Sono rientrati da pochissimi giorni dal viaggio umanitario in Ucraina. Della ventiduesima missione di Mediterranea Saving Humans, partita da Napoli e giunta a Leopoli non parlano solo le tonnellate di aiuti giunti nei paesi di guerra, non raccontano solo le foto ed i post sui social, la guerra la si comprende attraverso gli occhi di chi ne ha visto le macerie tra l’allarme per l’arrivo di un drone ed il rumore assordante di un missile.

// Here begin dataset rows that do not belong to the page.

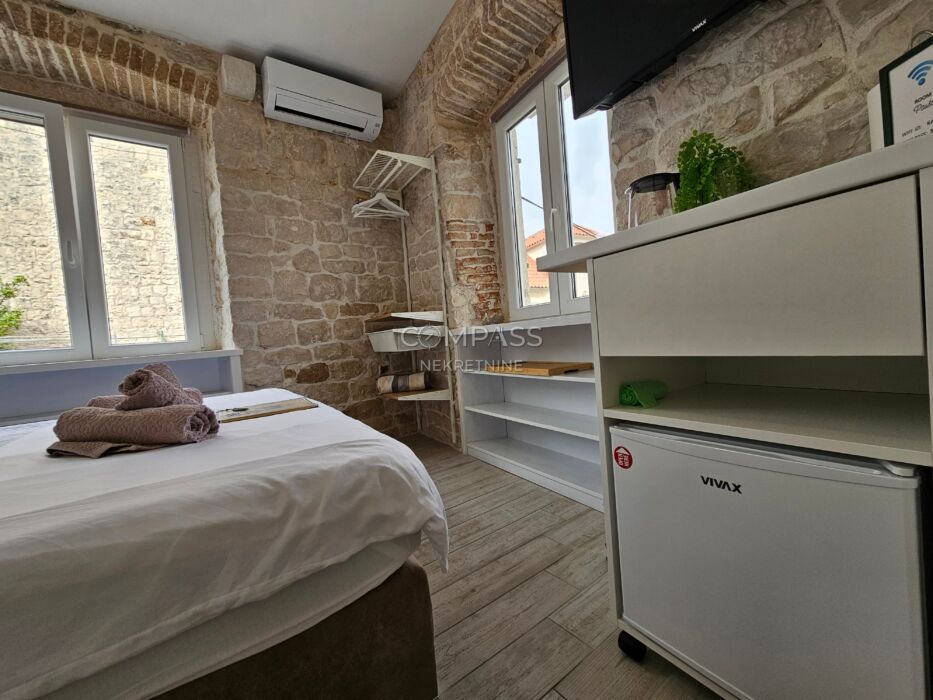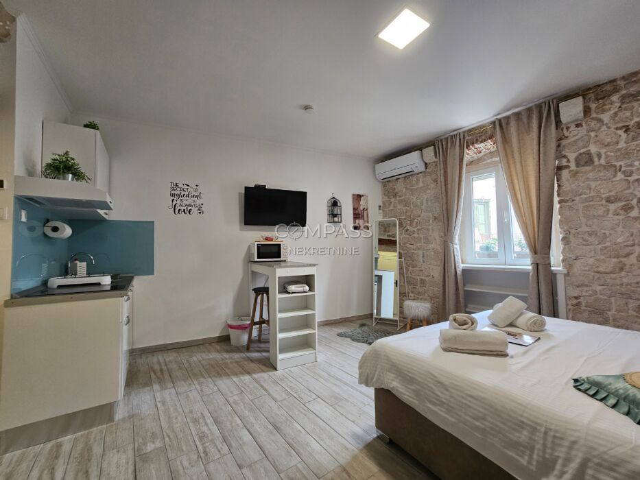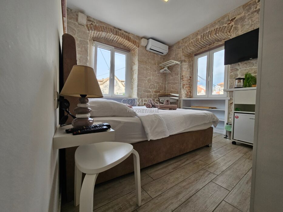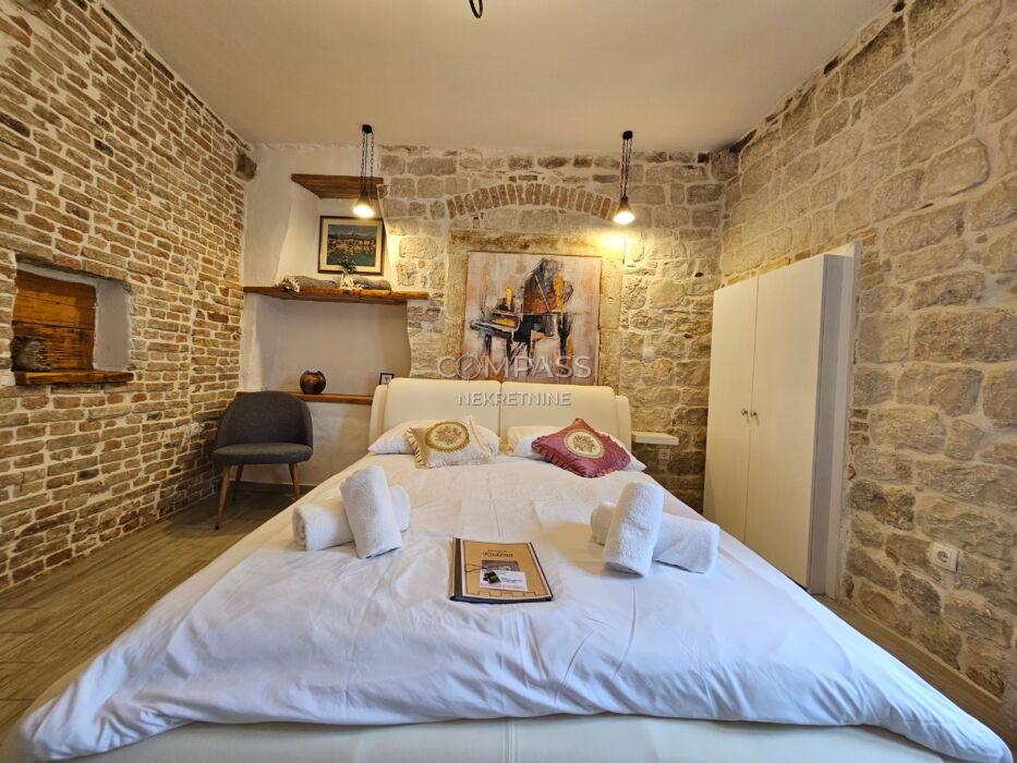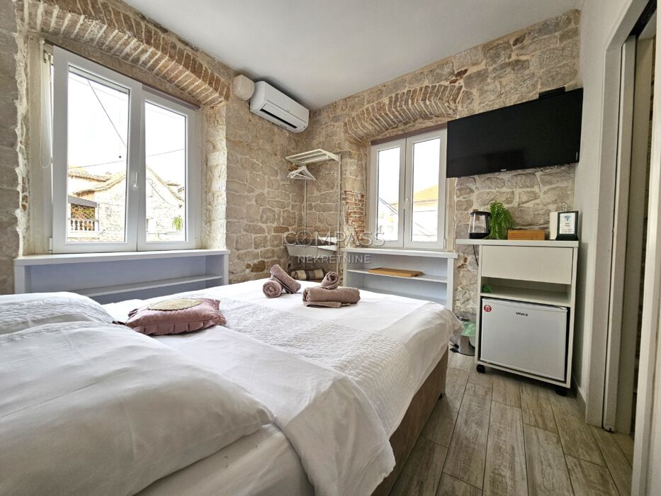 Wir vermitteln den Verkauf eines Zimmers, eines Studioapartments und einer Einzimmerwohnung in einem komplett renovierten Steinhaus im Zentrum von Trogir. Alle drei Einheiten wurden vollständig renoviert und kategorisiert und erzielen in der Saison hervorragende Einnahmen. Die Renovierung umfasste neue Böden, Wände, elektrische Installationen, Sanitäranlagen, Türen, Fenster und Möbel.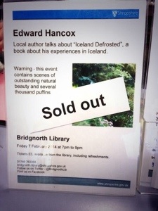 Finally, yesterday I gave two author talks at two local libraries. I was invited to do so by Shropshire Libraries, and I was delighted to oblige. The events were to celebrate National Library Day, and having been a lifelong Library user, coupled with the Icelandic obsession for all things bookish, it seemed to make sense. I was shocked to find that both events had sold out; I’ve never sold out anything before, and probably never will again. People were even turned away at the first event!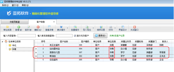 然后到“華北”類別下查看客戶信息,剛才的3個客戶單位類別都已經改變了,其界面如圖3所示。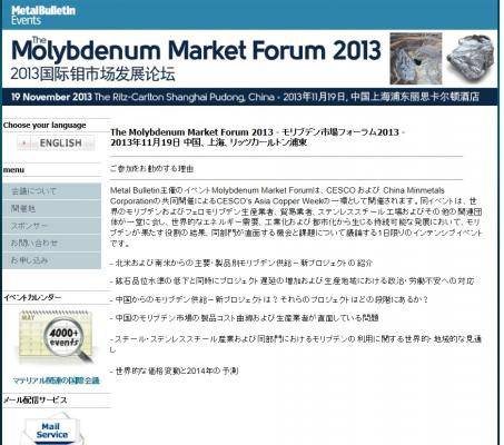 会議:「The Molybdenum Market Forum 2013 - モリブデン市場フォーラム2013」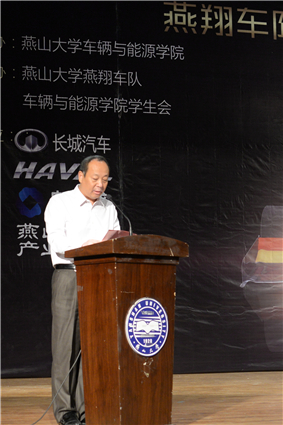 赞助企业代表、中秦智能装备有限公司总经理胡忠臣先生结合企业自身的发展历程,强调了精益求精的探索精神和敢于实践的创新精神对于提高大学生自身素质的重要性。他对燕翔车队在赛车设计研制过程中所体现出的团队合作意识及挑战自我的勇气和信心表示赞赏,并表示将大力支持燕翔车队的建设。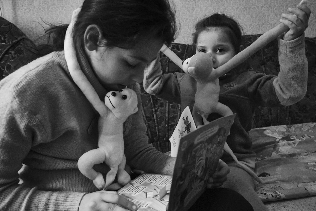 Маша, Илюша, Алина и Соня, худенькие и просто одетые, ерзают на диване, подкашливают. Алина ложится — ей тяжело. «Простудились», — оправдывается мама. Старшая, Маша, закрывается от объектива фотографа руками.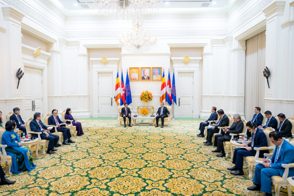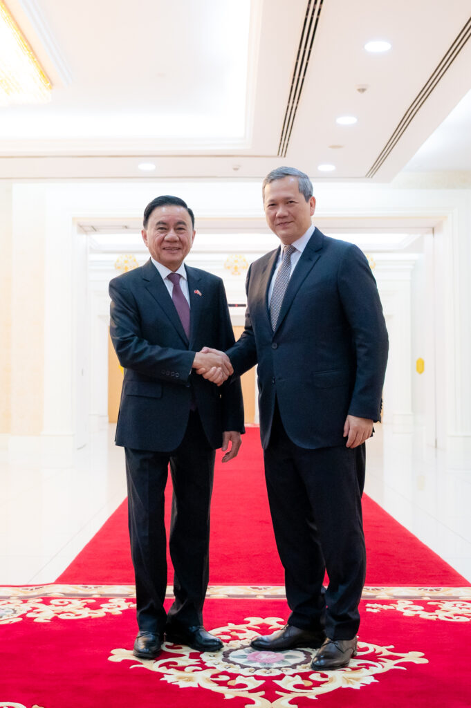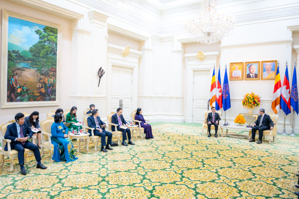 ភ្នំពេញ៖ សម្ដេចមហាបវរធិបតី ហ៊ុន ម៉ាណែត នាយករដ្ឋមន្ត្រីនៃព្រះរាជាណាចក្រកម្ពុជា បានជួបពិភាក្សាការងារជាមួយ ឯកឧត្តម ត្រិន កឹមទូ សមាជិកការិយាល័យនយោបាយ និងជាសមាជិកប្រចាំការគណៈលេខាធិការមជ្ឈិមបក្សកុម្មុយនីស្តវៀតណាម នៅវិមានសន្តិភាព នាព្រឹកថ្ងៃទី១០ ខែមេសា ឆ្នាំ២០២៦ ។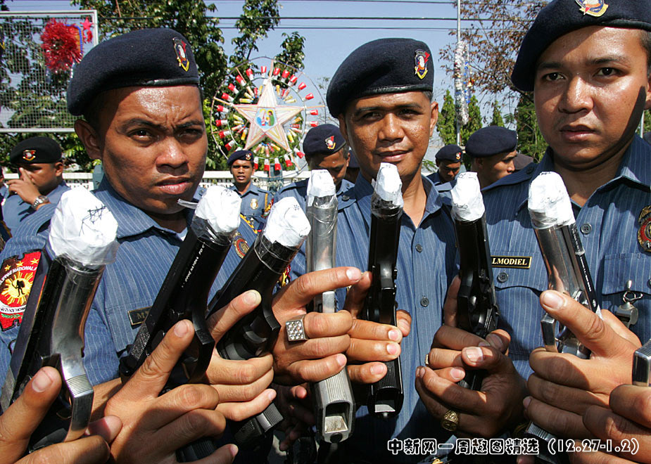 12月29日,菲律宾首都南部的塔吉格市警察部队为了防止警务人员在庆祝新年时胡乱开枪,下令用胶纸把枪口封起来。图片来源:中国新闻网>>点击观看详细内容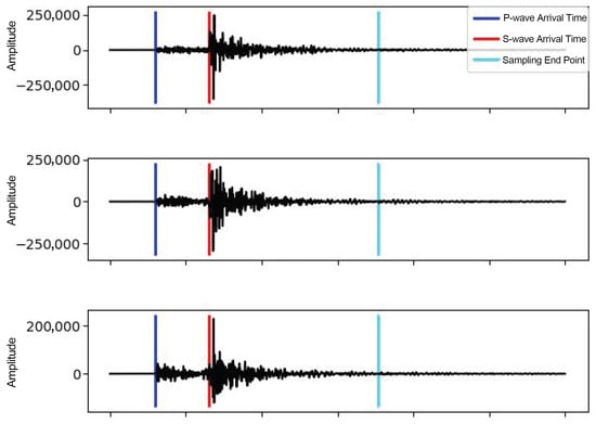 We preprocess the filtered sample data, cut the waveform according to the first arrival sampling point of the P-wave and the S-wave provided by the data label, randomly cut the 3 to 5 s before the arrival of the P-wave as the waveform starting point and select the 10 s after the arrival of the S-wave as the waveform ending point, and cut the waveform data to a length of 30 s. When the length after cutting is less than 30 s, zero values are randomly used before or after the data for supplement. After cutting, all the data are normalized to prevent the model from overfitting and affecting the training effect of the model. The normalization operation is shown in Equation (2), where represents the amplitude value of the seismic waveform data.
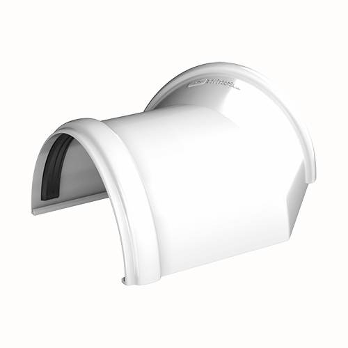 Угол желоба предназначен для соединения желобов на карнизах, которые лежат в одной плоскости, но расположены перпендикулярно относительно друг друга.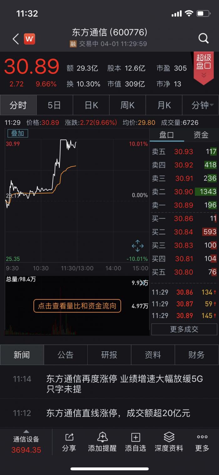 近期,东方通信股价处于调整状态。3月29日,东方通信报收28.17元,较41.88元的盘中最高价下跌了48%。4月1日,东方通信低开高走,午间收盘报30.89元,涨幅9.66%。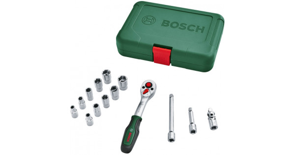 Набір тріскачки 1/4 з торцевими головками, адаптером та подовжувачами Bosch, 14 шт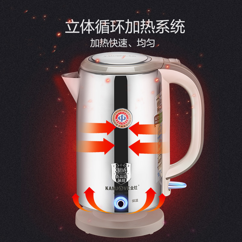 Главная страница > Золотая плита T-917 полностью стальной электрический чайник 304 из нержавеющей стали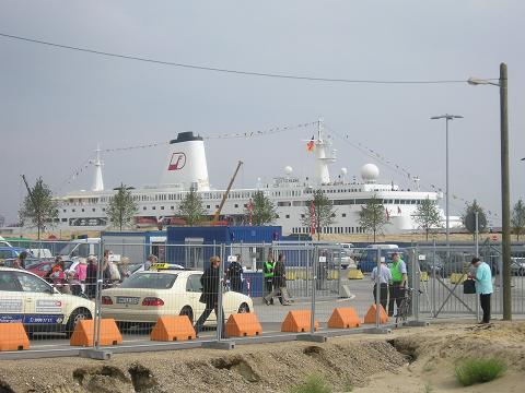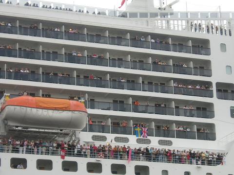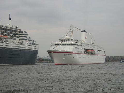 | Hinter der "Queen Mary 2" liegt diesmal die "MS Deutschland", unser ZDF- Traumschiff. Leider von hier nicht sehr gut zu sehen. | |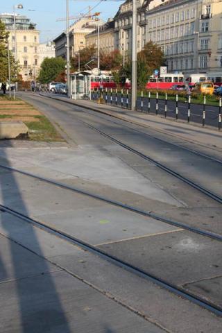 Am Karlsplatz bleibt die Bim nun weiter vorne stehen, den Grund dafür kenn'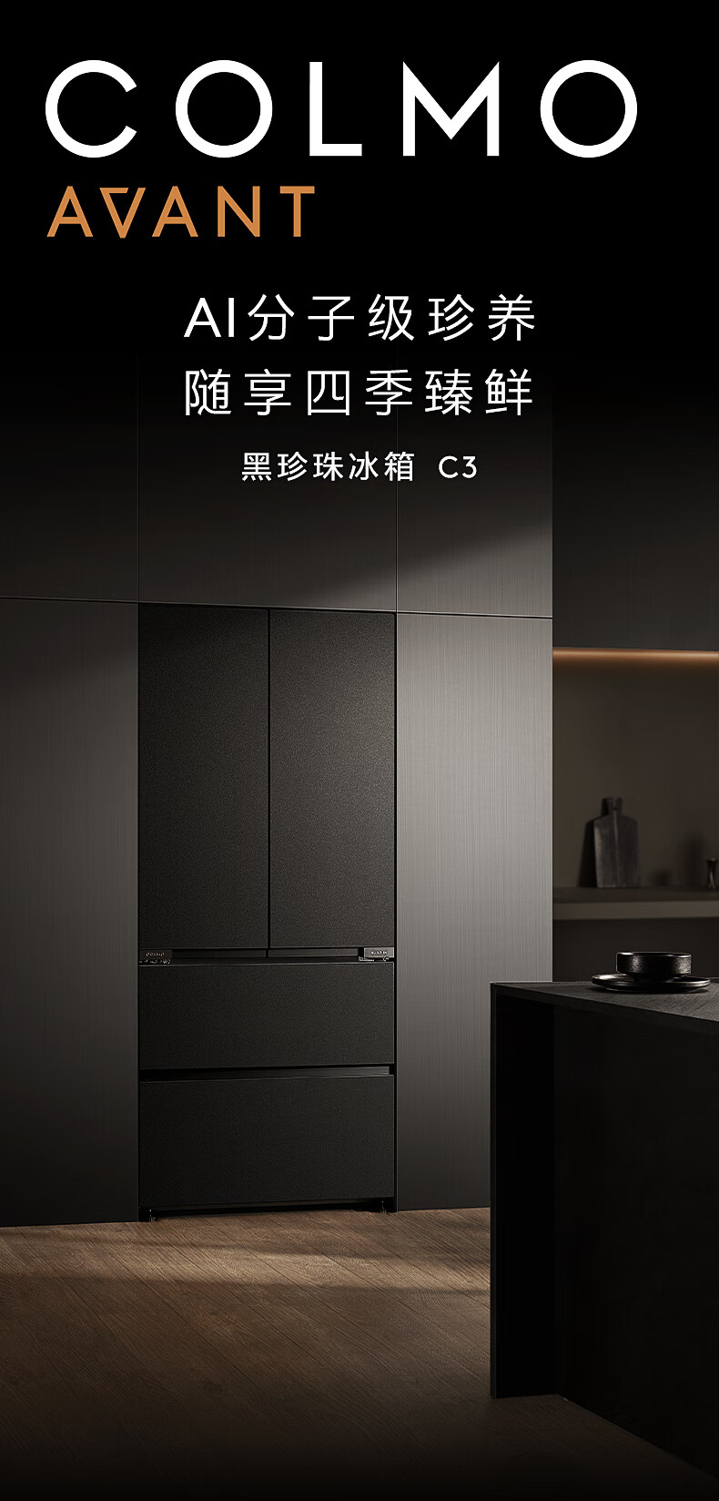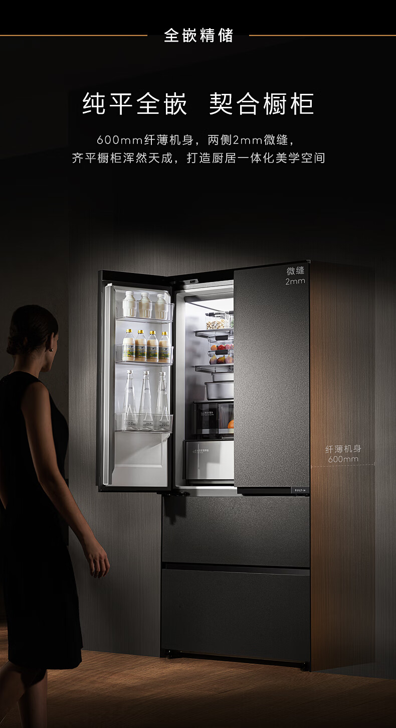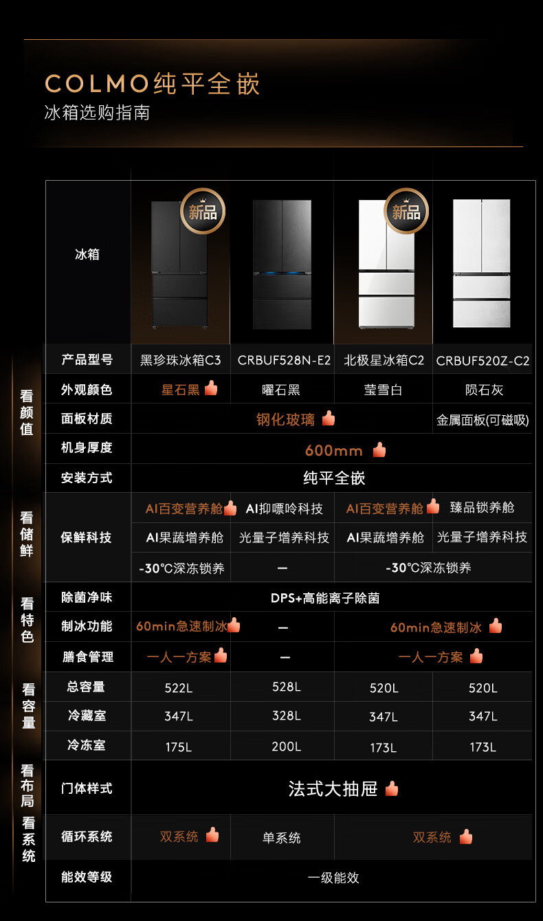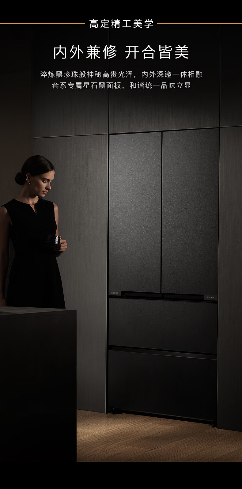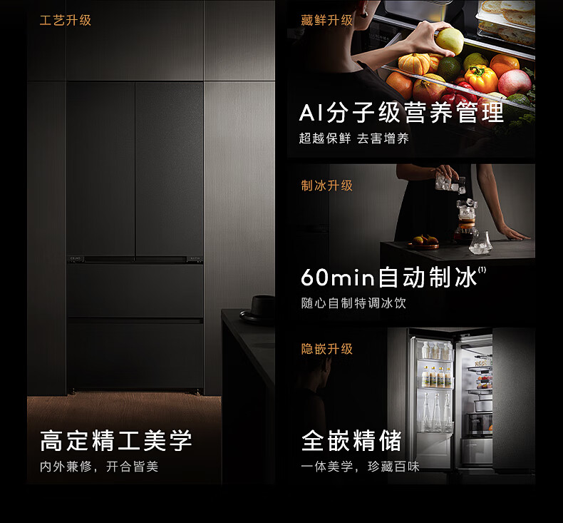 COLMO黑珍珠522L法式多门冰箱自动制冰纯平全嵌一级能效双系统AI分子级珍养星石黑CRBUF522-C3国家补贴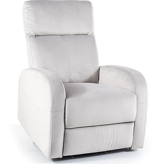 Fotel Olimp to stylowy i funkcjonalny mebel do sypialni. Charakteryzuje go duży i wygodny siedzisko, oraz wytrzymały aksamit w jasno szarym kolorze. Model ten posiada dodtakową funkcję bujania. Ten nietuzinkowy fotel Olimp idelanie sprawdzi się w salonie, dając chwile odprężenia po ciężkim dniu. Będzie to idealny dodatek do salonnu bądź sypialni.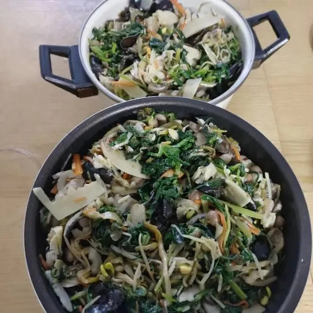 炒了一大锅,分成两份。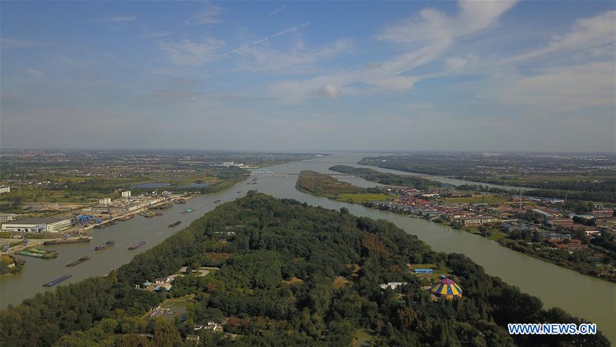 YANGZHOU, Jiangsu, 27 septembre (Xinhua) -- Photo aérienne du paysage automnal du parc de Zhuyuwan, à Yangzhou, dans la province chinoise du Jiangsu (est), le 26 septembre 2018. (Photo : Meng Delong)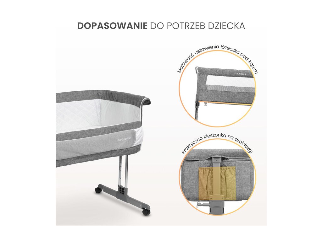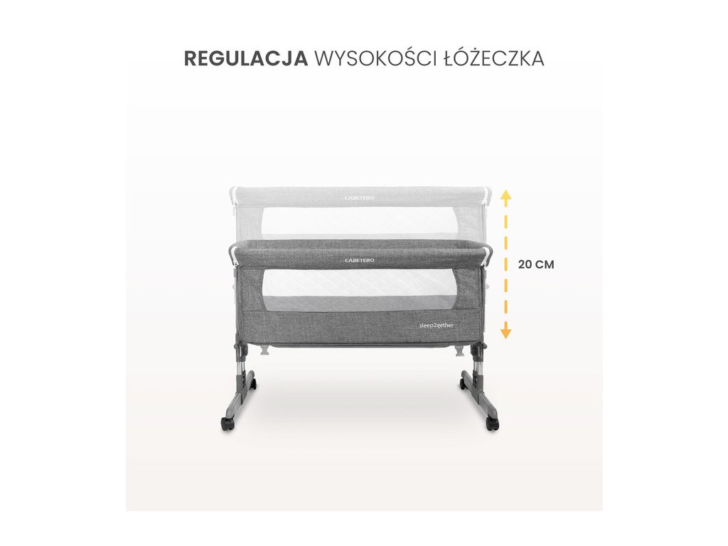 Sleep2gether je našou odpoveďou na rastúce potreby a očakávania rodičov. Sleep2gether sa dá použiť ako samostatná postieľka, ale po odstránení prednej steny sa stane ešte pohodlnejšou. Sleep2gether sa dá použiť aj na boku postele pre dospelých. To umožňuje kŕmiť a dojčiť dieťa bez toho, aby ste museli opustiť posteľ. Ľahká hmotnosť a integrované kolieska zvyšujú mobilitu, zatiaľ čo mechanizmus nastavenia výšky umožňuje rýchle a jednoduché nastavenie. Postieľku je možné nastaviť aj pod uhlom, aby sa dieťa lepšie uspalo a zabránilo sa pľuvaniu.

Tra i volontari della ventiduesima missione umanitaria, insieme agli attivisti di Napoli e Firenze, oltre al team sanitario di Mediterranea ed ai musicoterapisti di Music&Resilience, anche tre ragazzi di Scafati: Regina Scarico, Rosario Falcone e Francesco Cirillo, alla loro prima esperienza. A guardare i loro occhi si comprende subito che da un viaggio simile non si ritorna mai definitivamente. Sono ancora là, e non solo con il cuore. Mentre Regina e Francesco sorvolano sui numeri degli aiuti che vengono fuori solo a margine dell’incontro e ritornano sulla descrizione delle persone aiutate, abbracciate, conosciute, Rosario tiene ancora l’app di sicurezza sul cellulare e mentre ci raccontano delle emozioni provate, ogni tanto l’alert suona per annunciarci che in Ucraina si sta bombardando ancora. Che la pace di cui si ipotizza tra un tg ed un altro sembra essere, in realtà, molto lontana. Una percezione che i profughi hanno fin troppo chiara. La guerra c’è ancora e non si è mai arrestata. Durante la missione umanitaria – durata 7 giorni – sono stati sganciati 780 droni, 250 missili e tre supersonici su tutto il territorio ucraino. Al momento del coprifuoco le donne ed i bambini raggiungono i rifugi con grande dignità, di uomini in giro se ne vedono pochissimi: l’esercito li ha arruolati bloccandoli per strada e portandoli senza preavviso a combattere.
Nel campo profughi di Sykhiv, dove la missione 22 ha portato aiuti umanitari, la fotografia sociale è la stessa di tutte le zone colpite. La popolazione non ha più nulla, si vive per lo più in strutture di accoglienza informale nelle cui stanze ci sono nuclei familiari di due o tre persone, solitamente mamme con figli. Oppure in rifugi creati dopo il 24 febbraio di quattro anni fa, quando la Russia ha deciso di portare via tutto al popolo ucraino: case, lavoro, passato e futuro. Gli sfollati vivono di aiuti umanitari e di un solo pasto al giorno fornito dallo Stato e dalla Chiesa. Un pasto che donne e bambini, ricevono dopo due o tre ore di fila: non più di uno, con il rischio che si potrebbe arrivare a pentole vuote. Mediterranea non si occupa solo di nutrizione ma anche di prevenzione e informazione sanitaria, oltre che di supporto psicosociale. Tra i volontari della missione anche musicisti di Music and Resilience che attraverso la musica hanno portano momenti di dimenticanza e qualche sorriso. Leopoli, oggi, è addobbata per il Natale, un messaggio dignitoso che il popolo ucraino trasmette al resto del mondo. La stessa dignità che i volontari hanno sentito negli abbracci delle donne ucraine, nella gratitudine degli anziani, nei tratti dei bambini così piccoli da non ricordare il loro mondo senza guerra.